- _Work instructions_: Each line below from the one containing "Champlain Arrives at" through the one containing "Так, он показал" is to be given again exactly, and no line outside that span.
───── Extracted records ─────
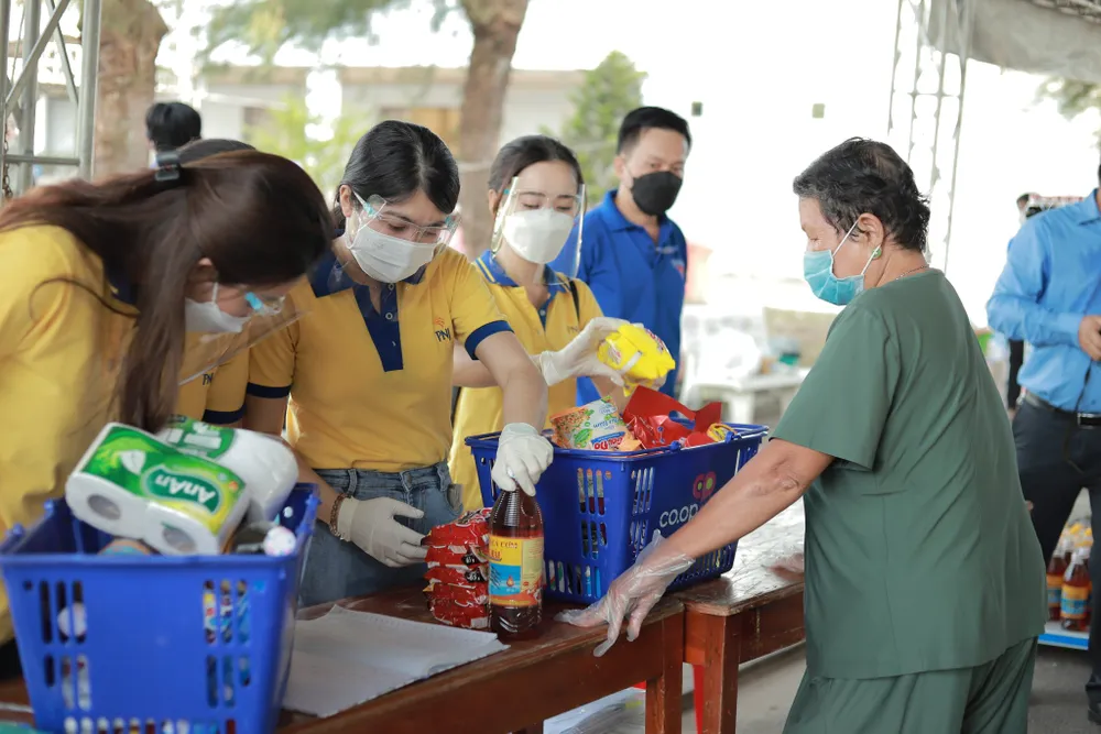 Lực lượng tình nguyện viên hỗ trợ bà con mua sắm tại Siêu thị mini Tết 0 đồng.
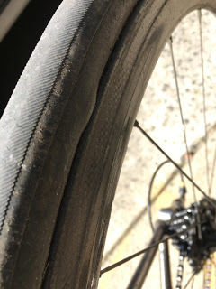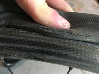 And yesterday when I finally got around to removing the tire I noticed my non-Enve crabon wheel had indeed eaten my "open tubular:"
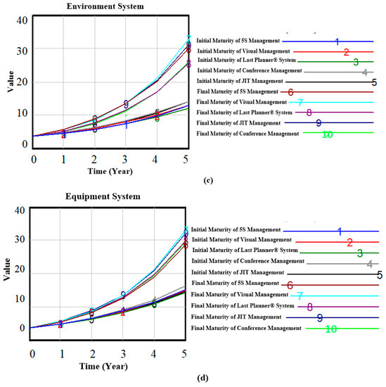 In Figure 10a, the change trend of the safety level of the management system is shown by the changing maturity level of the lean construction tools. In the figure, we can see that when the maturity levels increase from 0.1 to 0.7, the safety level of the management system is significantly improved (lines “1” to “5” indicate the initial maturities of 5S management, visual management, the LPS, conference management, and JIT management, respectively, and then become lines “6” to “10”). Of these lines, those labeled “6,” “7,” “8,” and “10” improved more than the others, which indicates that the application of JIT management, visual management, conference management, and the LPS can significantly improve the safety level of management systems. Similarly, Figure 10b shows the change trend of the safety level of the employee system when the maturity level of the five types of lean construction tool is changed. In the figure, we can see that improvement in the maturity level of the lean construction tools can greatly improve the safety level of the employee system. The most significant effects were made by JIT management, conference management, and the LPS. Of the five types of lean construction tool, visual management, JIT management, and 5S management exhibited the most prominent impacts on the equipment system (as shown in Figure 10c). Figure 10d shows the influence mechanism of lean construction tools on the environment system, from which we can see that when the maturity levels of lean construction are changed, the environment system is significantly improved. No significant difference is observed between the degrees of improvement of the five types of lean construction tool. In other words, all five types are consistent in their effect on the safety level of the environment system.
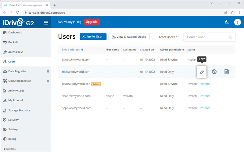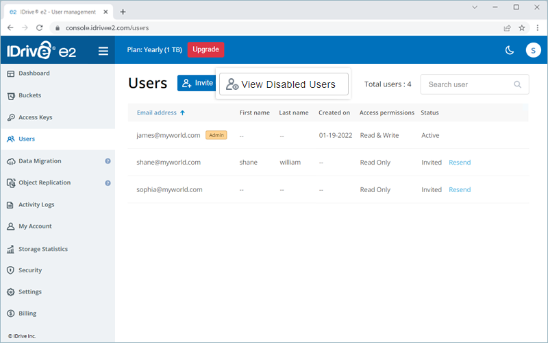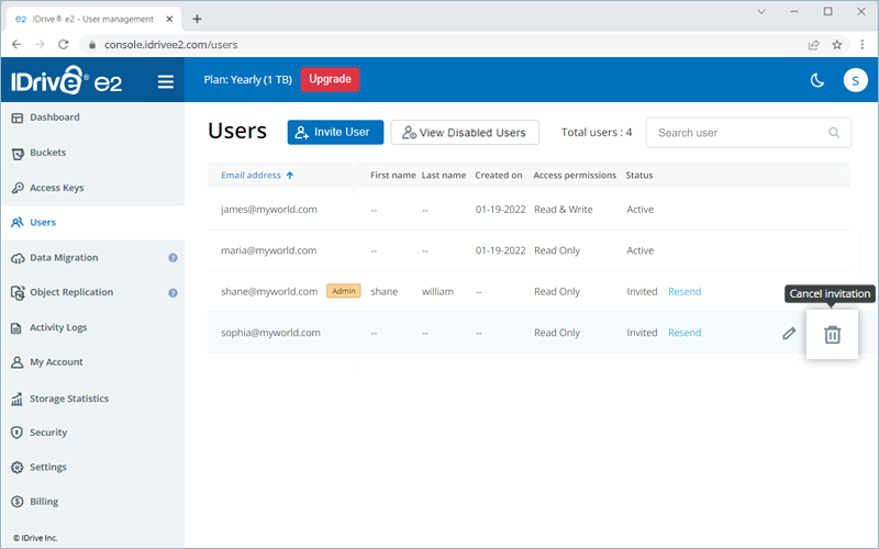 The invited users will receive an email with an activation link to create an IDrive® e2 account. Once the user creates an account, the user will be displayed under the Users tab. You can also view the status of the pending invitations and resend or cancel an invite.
─────
───── Extracted records ─────
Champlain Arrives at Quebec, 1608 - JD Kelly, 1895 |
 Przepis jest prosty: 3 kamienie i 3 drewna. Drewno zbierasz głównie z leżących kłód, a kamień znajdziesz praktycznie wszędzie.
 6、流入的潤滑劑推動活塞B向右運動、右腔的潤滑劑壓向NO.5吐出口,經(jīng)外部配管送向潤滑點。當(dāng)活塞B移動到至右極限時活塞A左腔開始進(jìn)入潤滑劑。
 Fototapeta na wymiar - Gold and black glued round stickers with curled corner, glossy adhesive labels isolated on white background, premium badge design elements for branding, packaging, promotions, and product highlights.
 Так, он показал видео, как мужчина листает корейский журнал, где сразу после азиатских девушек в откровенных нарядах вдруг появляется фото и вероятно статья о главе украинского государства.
─────
- _Answer to the problem_:
Champlain Arrives at Quebec, 1608 - JD Kelly, 1895 |
 Przepis jest prosty: 3 kamienie i 3 drewna. Drewno zbierasz głównie z leżących kłód, a kamień znajdziesz praktycznie wszędzie.
 6、流入的潤滑劑推動活塞B向右運動、右腔的潤滑劑壓向NO.5吐出口,經(jīng)外部配管送向潤滑點。當(dāng)活塞B移動到至右極限時活塞A左腔開始進(jìn)入潤滑劑。
 Fototapeta na wymiar - Gold and black glued round stickers with curled corner, glossy adhesive labels isolated on white background, premium badge design elements for branding, packaging, promotions, and product highlights.
 Так, он показал видео, как мужчина листает корейский журнал, где сразу после азиатских девушек в откровенных нарядах вдруг появляется фото и вероятно статья о главе украинского государства.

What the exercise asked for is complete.